Skeptics of experimental COVID shots have declared that technology employed to develop digital IDs would not disappear along with the COVID virus.
Instead, the digital IDs rolled out during the COVID era could readily be used to monitor citizen compliance with a vast assortment of government measures beyond “vaccination status”, punishing the noncompliant by forbidding travel, freezing bank accounts, as well as banning access to public venues.
World Economic Forum “eager to learn” from Communist China
During the opening speech at the WEF’s June 2023 Summer Davos in Tianjin, China, WEF chairman and founder Klaus Schwab praised the CCP’s second-ranking member, Li Qiang, who also participated in the event.
The WEF founder told Li that “we are eager to learn from your vision on China and the world”.
“Premier Li is the eighth premier of the People’s Republic of China and a member of the Chinese Communist Party’s Politburo Standing Committee,” Schwab explained.
Schwab lauded Communist China by declaring that the country “has made remarkable achievements in economy, in social development, in diplomacy, and in many other areas”.

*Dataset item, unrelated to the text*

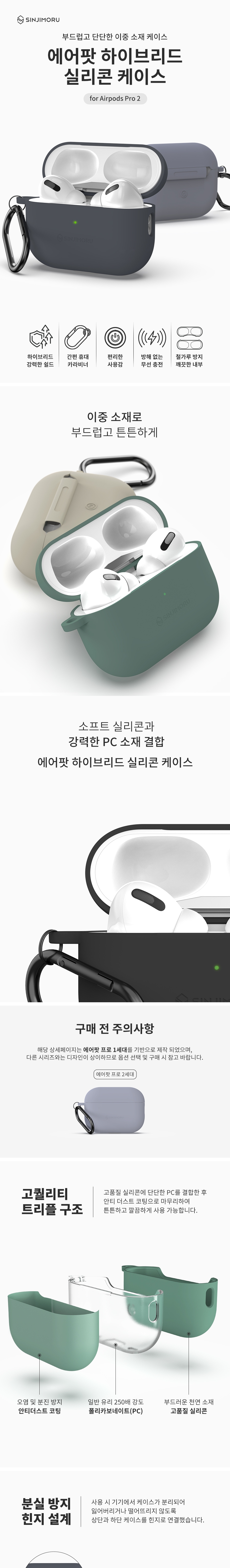 신지모루 하이브리드 실리콘 에어팟 프로 2세대 무선 충전 가능 케이스 웜그레이 (키링 포함)

In 2022, Schwab waxed lyrical about Chinese authoritarian leader Xi Jinping during his opening speech at the 2022 Davos Summit.
Under China’s Communist government, which seems to be a role model for Schwab, such suppression and persecution via digital surveillance are already underway.
A key element of China’s security state is its social credit system that penalizes citizens for what the CCP regards as bad behavior. By relying on mass surveillance software, such as facial recognition camera tools, the CCP has established an “Orwellian system of mass surveillance and predictive policing,” the International Consortium of Journalists has posited.
For years, the CCP has been persecuting religious and ethnic minorities, including Catholics and the Muslim Uighurs in China.